→ What you have to do:
Using the entries that follow, transcribe only the lines from the line with "Latin America will" to the line with "Design de Natal", both included, exactly as they stand and without pictures.

── Data extract ──

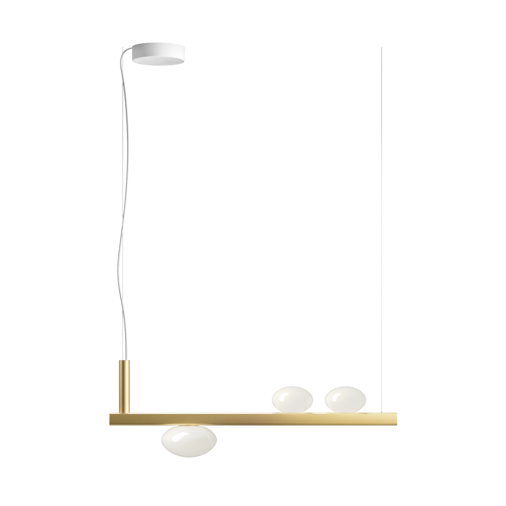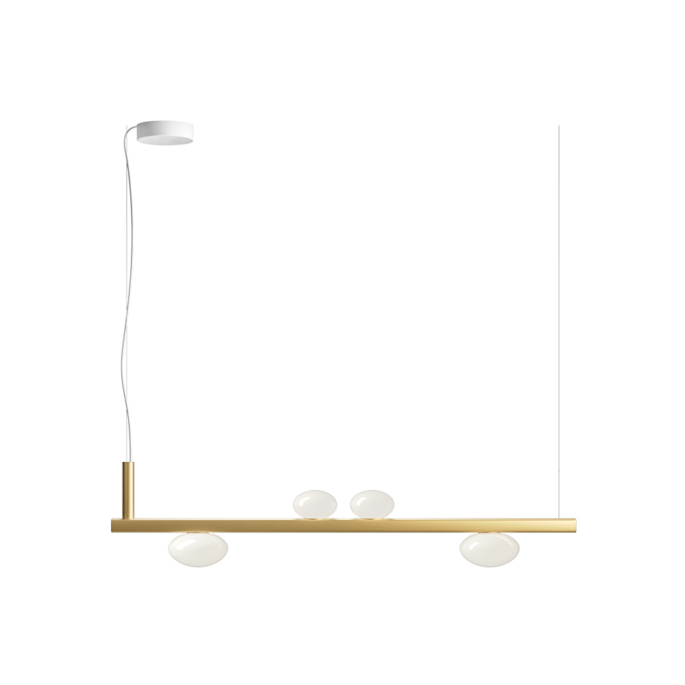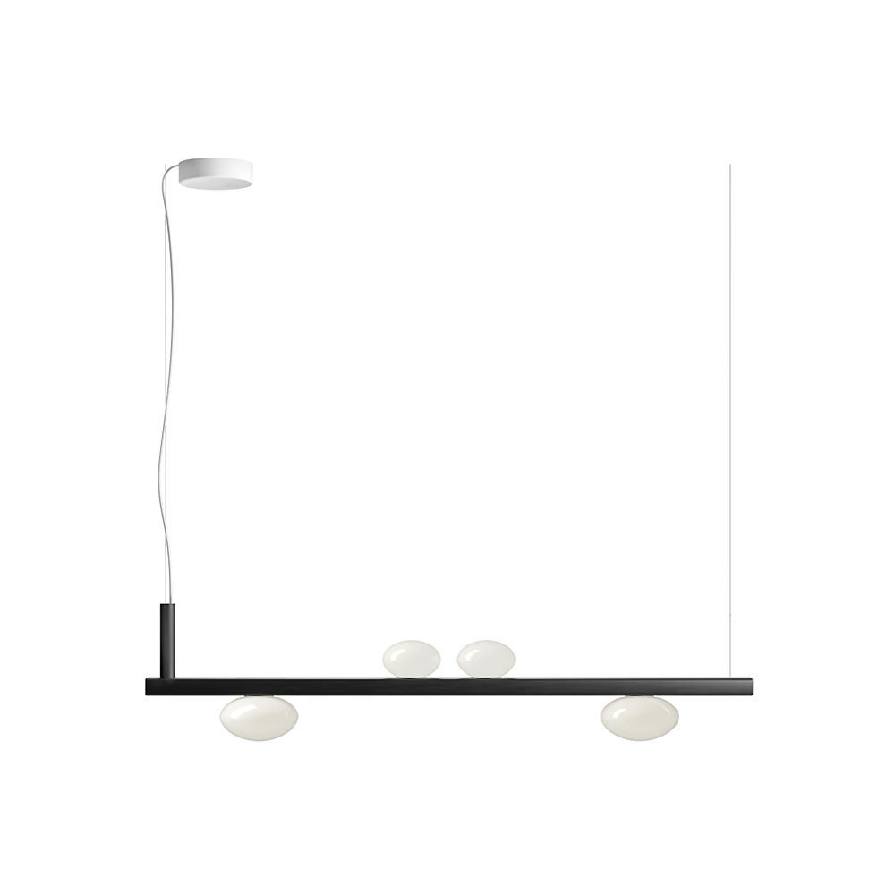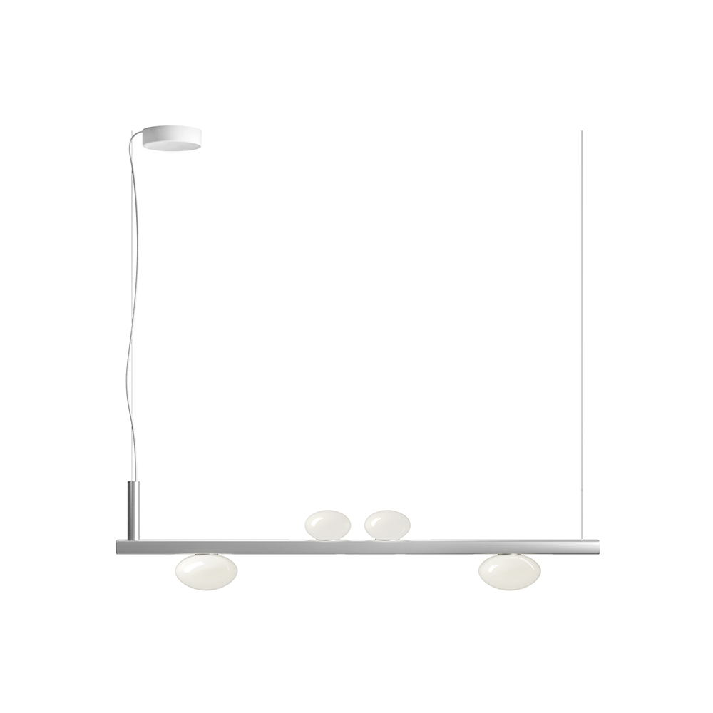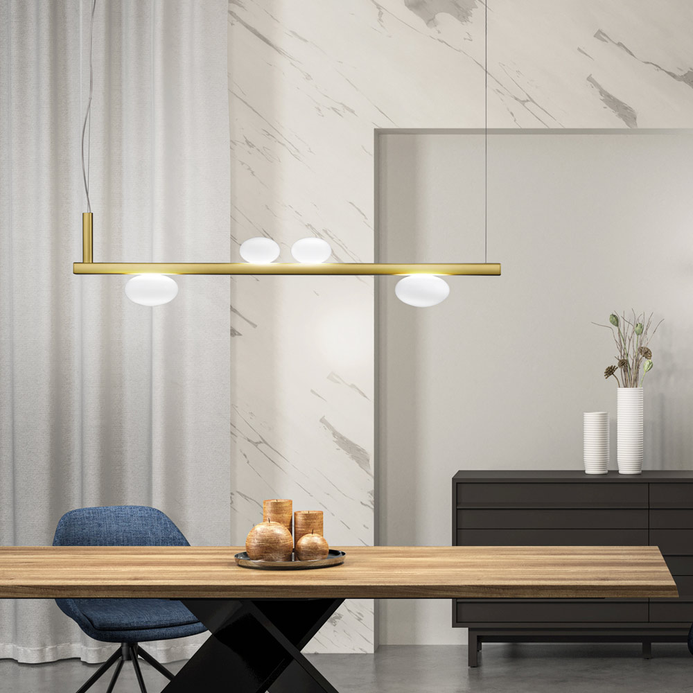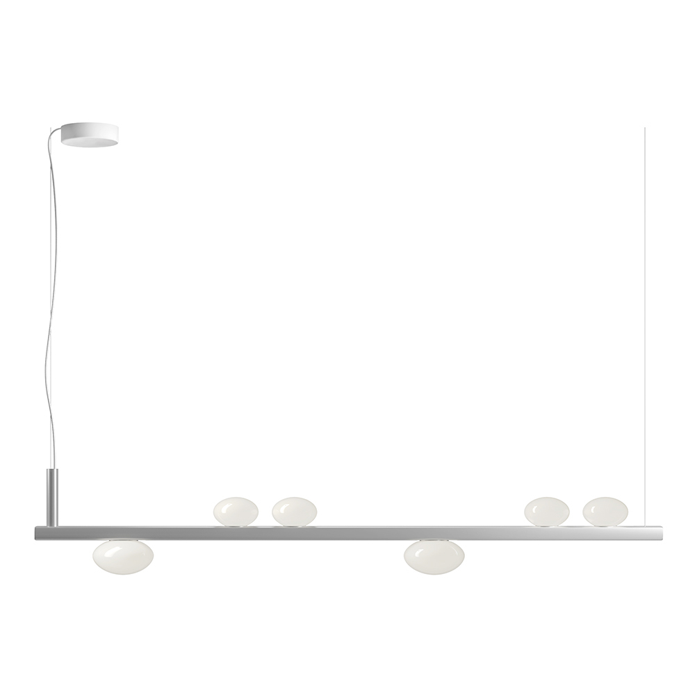 Ta lampa wisząca to prawdziwa ikona inteligentnego designu i dyskretnej technologii . Jej czysta, linearna forma w połączeniu z eleganckimi, kulistymi kloszami z opalowego szkła sprawia wrażenie, jakby zawieszonych w równowadze, tworzy nowoczesny i lekki efekt wizualny.
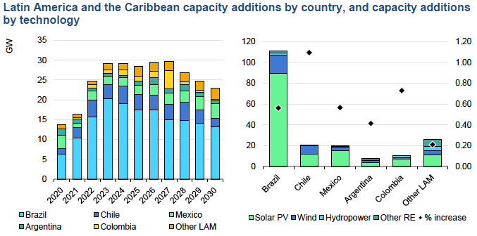 Latin America will add over 190 GW of renewable capacity, led by solar PV (72%) wind power (19%) and hydropower (5%).
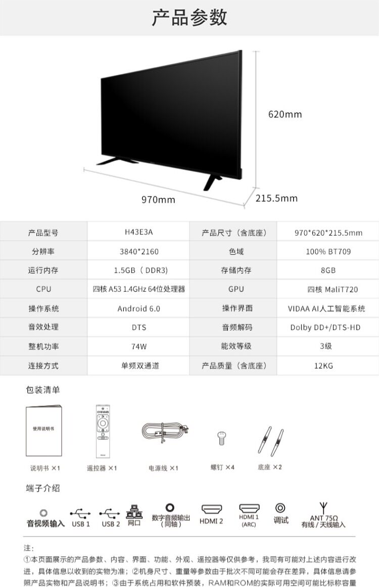 tivi casper TV LCD màn hình phẳng thông minh 4K HD Hisense / Hisense H43E3A 43 inch tivi samsung 32 inch
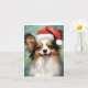 Design de Natal colorida e alegre com um Papillon vestindo um chapéu de Papai Noel.
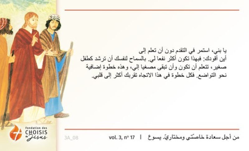 يا بنى، استمر فى المضى للأمام أينماأقودك: ههنا ستكون أكثر نفعاً لى. عندتركك القيادة لى كما لوكنت صغير ،ستتعلم كيف تعيش وتستمع الىﱢ، وتكونهذه خطوة اضافية نحو البساطة. كلخطوة فى هذا الاتجاه تقودك أكثر قرباًمن قلبى.
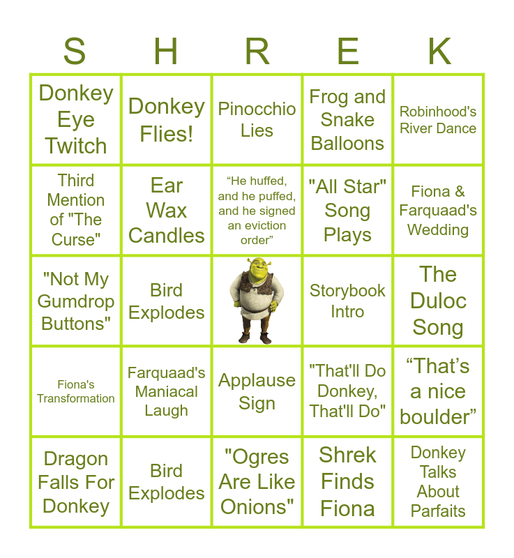 This bingo card has a free space and 29 words: Dragon Falls For Donkey, Farquaad Short Joke, Bird Explodes, Burp Off!, Donkey Eye Twitch, Pinocchio Lies, Ear Wax Candles, Farquaad's Maniacal Laugh, Storybook Intro, Bird Explodes, The Duloc Song, Donkey Talks About Parfaits, "Ogres Are Like Onions", Shrek Finds Fiona, Fiona & Farquaad's Wedding, "Now I'm a Flying, Talking Donkey!", Applause Sign, Fiona's Transformation, Robinhood's River Dance, "Not My Gumdrop Buttons", "That'll Do Donkey, That'll Do", Donkey Sings, "All Star" Song Plays, Third Mention of "The Curse", Frog and Snake Balloons, Donkey Flies!, “That’s a nice boulder”, “He huffed, and he puffed, and he signed an eviction order” and “Some of you may die, but that’s a risk I’m willing to take”.
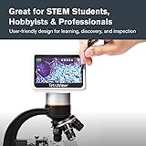 4.3" LCD SCREEN MOUNTED ON 180° ROTATING HEAD: View specimens in vivid detail without eyepieces and easily rotate the screen to share observations in group or classroom settings. 5MP DIGITAL CAMERA WITH VIDEO RECORDING: Capture high-resolution still images and smooth 30 fps video directly to an SD card—ideal for documentation and presentations. MAGNIFICATION UP TO 1600X: Features 4x, 10x, 20x, and 40x objective lenses combined with a 10x digital eyepiece for optical powers of 40x, 100x, 200x, and 400x. Use the 4x digital zoom on the LCD screen to achieve total magnification up to 1600x. ADJUSTABLE MECHANICAL STAGE WITH ILLUMINATION: Easily move and position slides with the precision-controlled mechanical stage, while the bottom LED lighting provides bright, adjustable illumination for optimal viewing. 8 GB SD CARD AND TV OUTPUT INCLUDED: Save images and videos to the included SD card or display on a TV or monitor via AV output for large-scale viewing. DUAL POWER OPTIONS FOR FLEXIBILITY: Operates on 4 AA batteries (not included) for use in the field or plugs into the wall with the included international AC adapter—perfect for home, classroom, or on-the-go exploration. UNBEATABLE WARRANTY & SUPPORT: Buy with confidence from Celestron, a leading telescope brand in California since 1960. Your purchase includes a 2-Year US Warranty and unlimited support from our team of US-based experts.
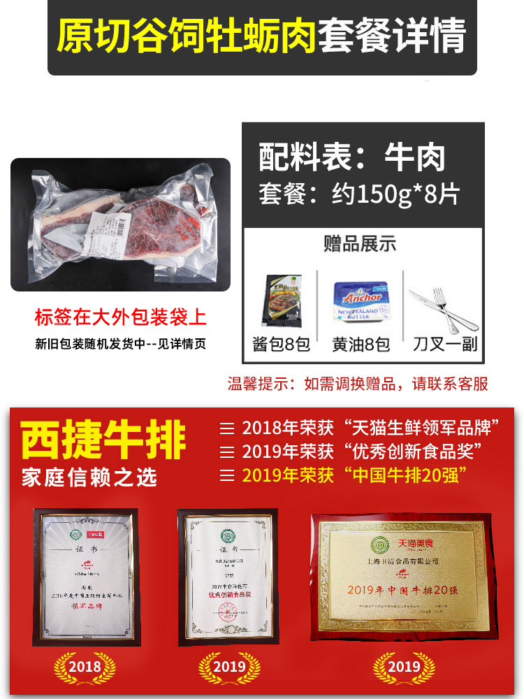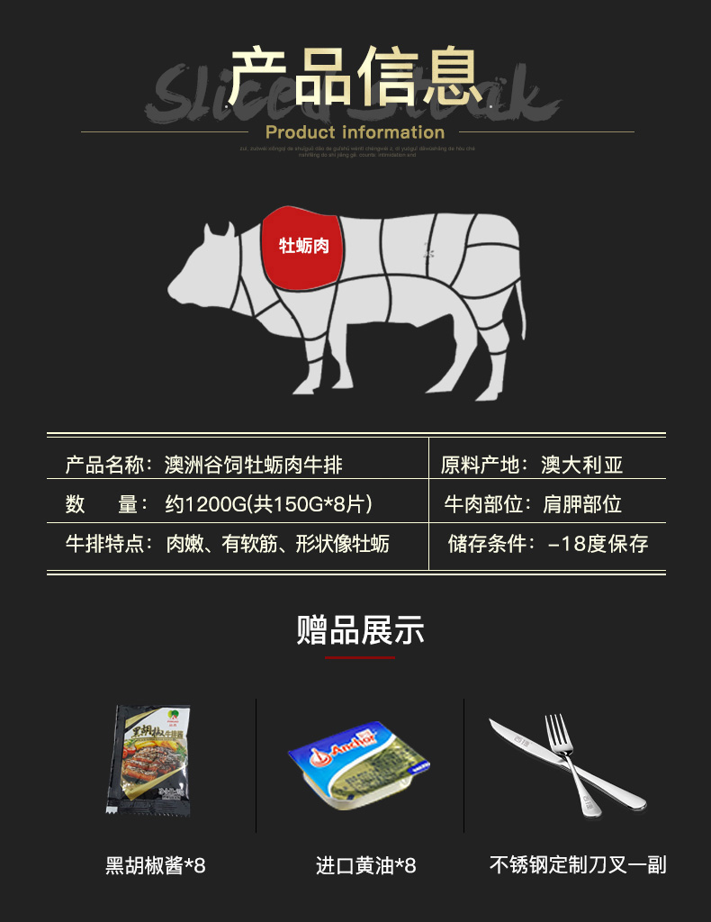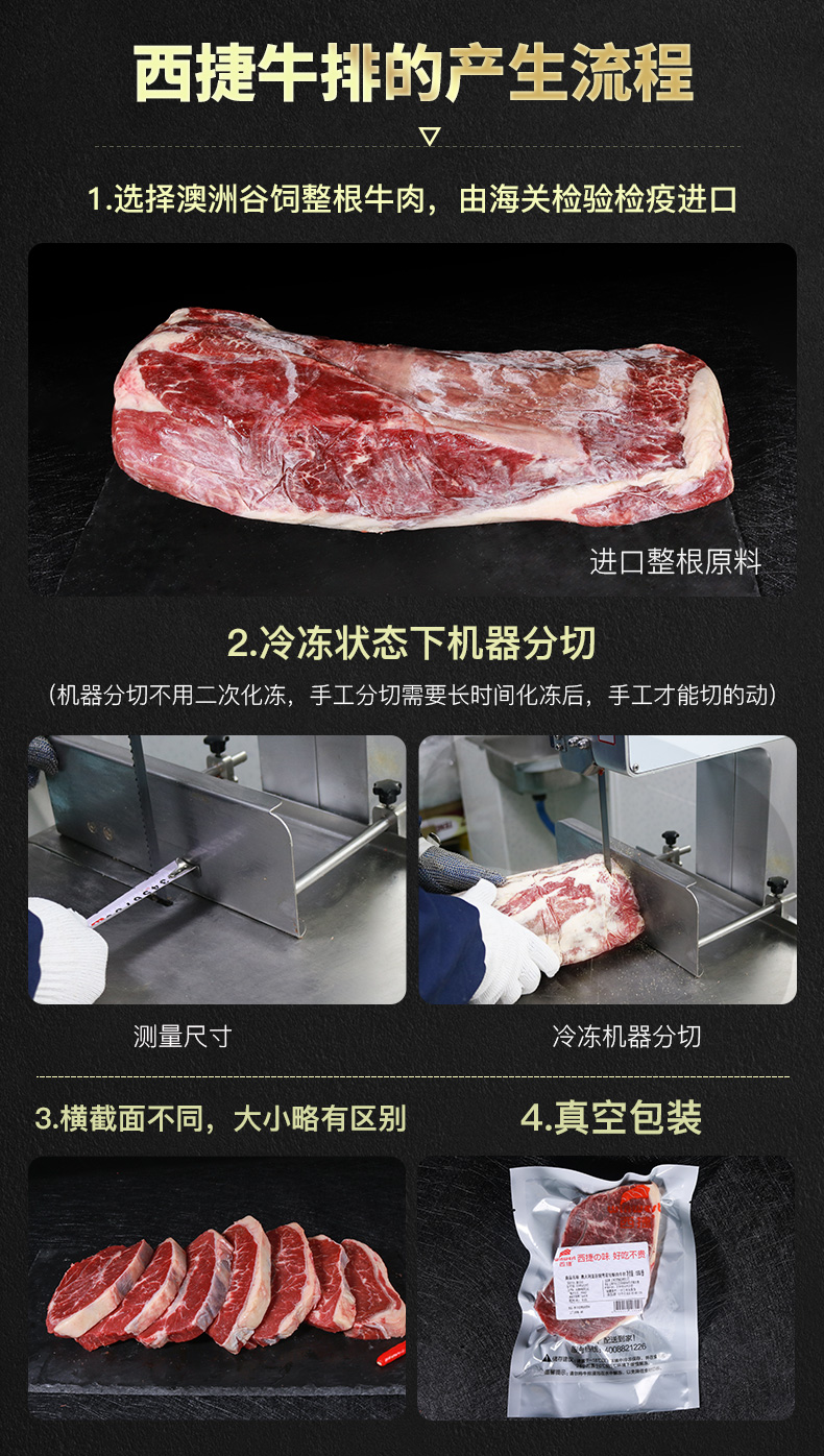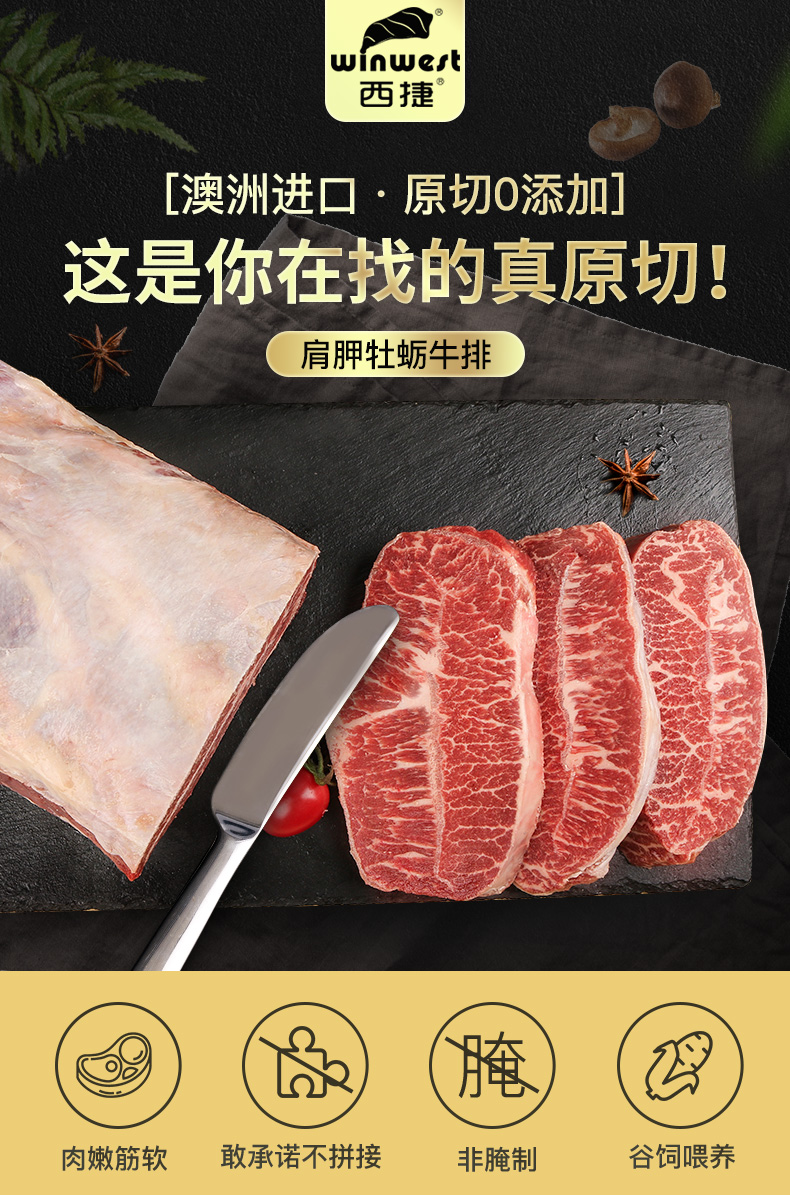 这款西捷牛排,澳洲正规进口可溯源,选用谷饲100天以上牛的肩胛部位,整块原切非腌制,这个部位肉质油花丰富,中间带有明显一条软筋,因形似“牡蛎肉”而得名,因少有活动所以肉质细嫩,肥瘦相间,雪花纹理清晰,口感超细嫩,0添加,老少皆宜,适合煎、炒、烤等~~。

───

→ Solution to the problem:
 Latin America will add over 190 GW of renewable capacity, led by solar PV (72%) wind power (19%) and hydropower (5%).
 tivi casper TV LCD màn hình phẳng thông minh 4K HD Hisense / Hisense H43E3A 43 inch tivi samsung 32 inch
 Design de Natal colorida e alegre com um Papillon vestindo um chapéu de Papai Noel.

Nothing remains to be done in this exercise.